Я никогда не видел всегда дружелюбного ко мне крестьянина Максима Усова таким злым. Позже я пойму, что с молчаливого согласия Чистякова он вместе с Кращенко решал непростую ситуацию. Кому-то надо было вложить наган в руку обреченного бойца и нажать на спуск. Обстоятельства заставили решать это именно им, двум наиболее надежным солдатам в роте.

Возможно, они тянули жребий, и выбор пал на Максима. И хотя раненый лежал в стороне, делать все пришлось едва не на глазах остальных. Усова потянул за руку Степа Кращенко.

— Чего ты на Федю кидаешься? Он же молодец. Не срезал бы механика, нас бы уже вороны расклевали.

Максим, уважавший меня за грамотность (сам он закончил три или четыре класса), как-то сразу изменился в лице, растерянно похлопал меня по плечу:

— Все нормально, Федя. Сейчас двинемся. Винтовку наготове держи. Почистил?

Ничего я не чистил. И остальные тоже — сил и времени не хватило. Но я кивнул в ответ:

— Почистил… конечно.

Чистяков подал команду. Десять человек цепочкой двинулись в сгустившуюся темноту июньского вечера. Пахло дымом, сгоревшим зерном и полынью.

Нам повезло. Через сутки мы вышли к своим, заплатив жизнью еще одного человека. Сравнительно недорогая цена за выход из окружения в голой степной местности. Боец наступил на мину. Мы застыли на месте, глядя на мычащего от боли парня с оторванной по колено ногой и разорванным животом.

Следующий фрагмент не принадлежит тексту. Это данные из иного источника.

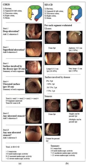 The two main endoscopic scores validated for CD are the Crohn’s Disease Index of Severity (CDEIS) and the Simple Endoscopic Score for Crohn’s Disease (SES-CD) (Figure 2) [21,22]. CDEIS evaluates five segments of the intestine: rectum, sigmoid, left, traverse and right colon and ileum. In each segment, the endoscopist records the presence of deep or superficial ulcers, the percentage of surface ulcerated or involved by disease and the presence of ulcerated or non-ulcerated stenosis. A score is assigned for each element and summed to a total ranging from 0 (not active disease) to 44 (severe disease) [21]. Similarly, the SES-CD evaluates four endoscopic items (ulcer size, percentage of ulcerated surface, proportion of the surface area affected by disease and the presence of stenosis) in the same five anatomical locations. Each element is weighted, and a score is assigned from 0 to 56 [22].
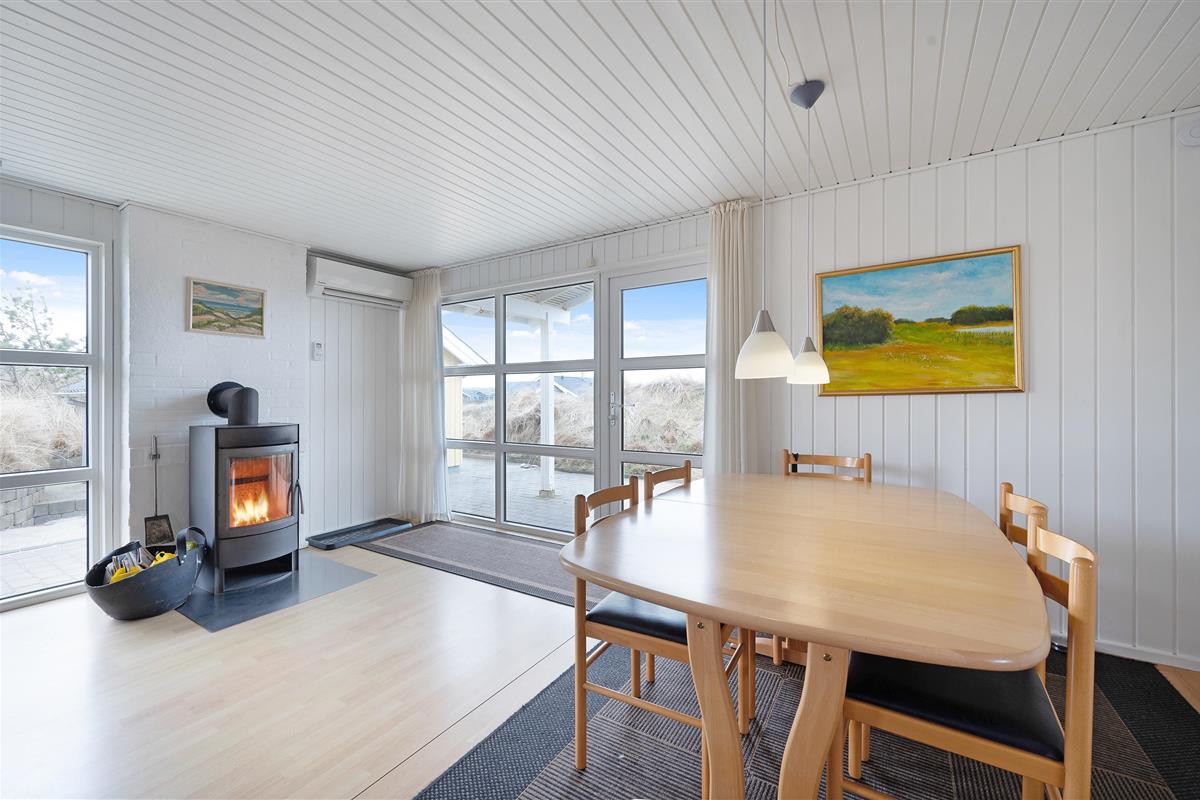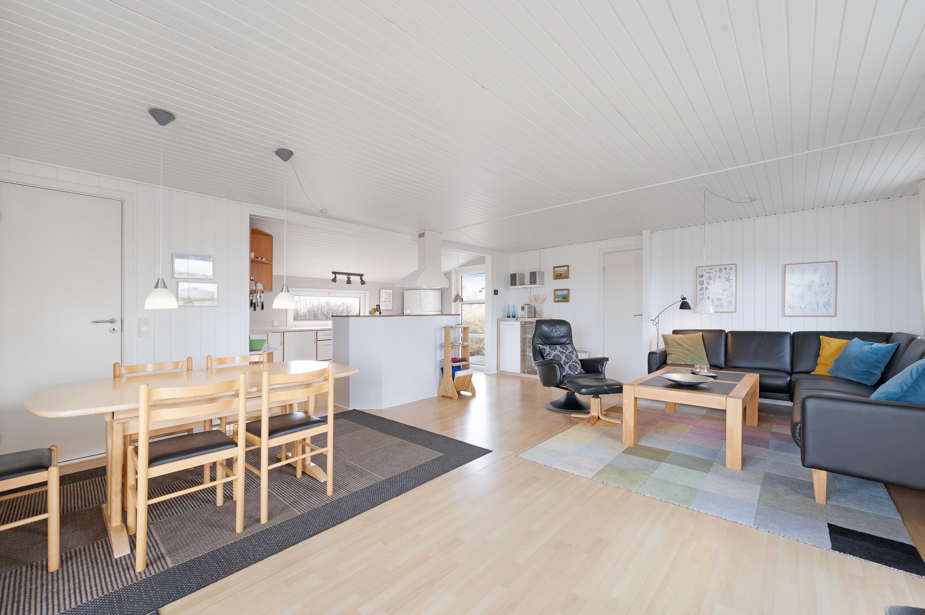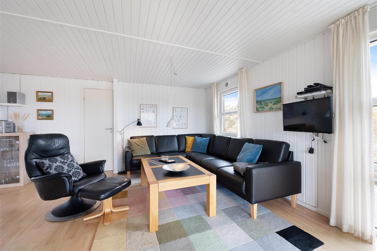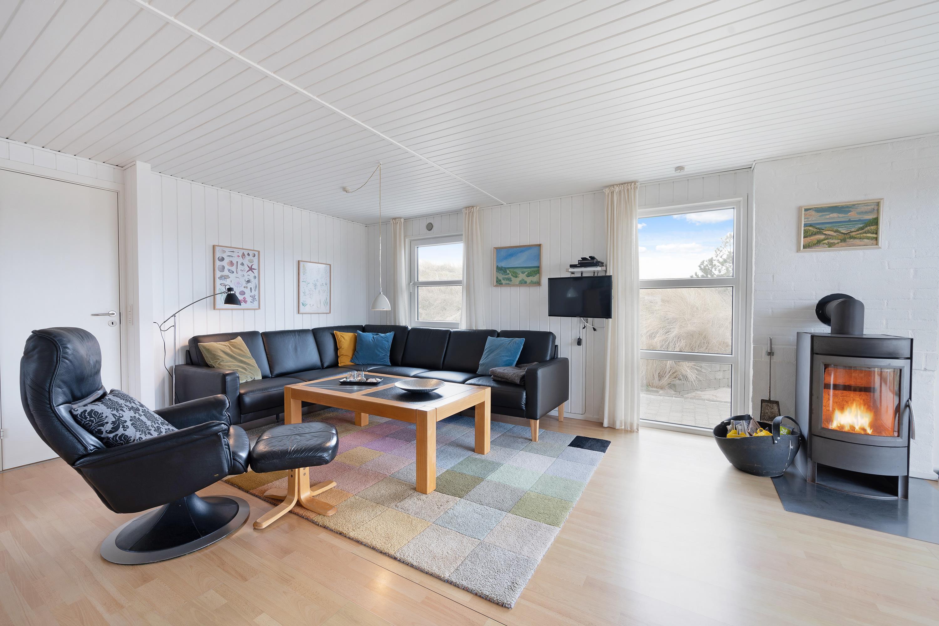 This holiday home is situated on a natural elevated plot in Bjerregård. The area is known for its stunning dune landscape and proximity to the North Sea.

Помочь ему было нельзя, и группа осторожно, след в след, миновала опасное место. Мы догнали один из пехотных полков нашей дивизии. Проверка прошла быстро, таких окруженцев в июне сорок второго было столько, что не хватило бы никаких особых отделов, чтобы проверить всех.

Помню, что каждого из девяти опросили отдельно, противоречий в показаниях не обнаружили. Потом приехал представитель полка, поздоровался за руку с Чистяковым, рассказал особистам, что роту оставили в составе батальона прикрывать отход, и вскоре мы оказались среди своих. Никто нас не хвалил (а ведь двое суток батальон держал позиции!), но и не копались. Просто остатки роты пополнили людьми и снова включили в состав третьего батальона.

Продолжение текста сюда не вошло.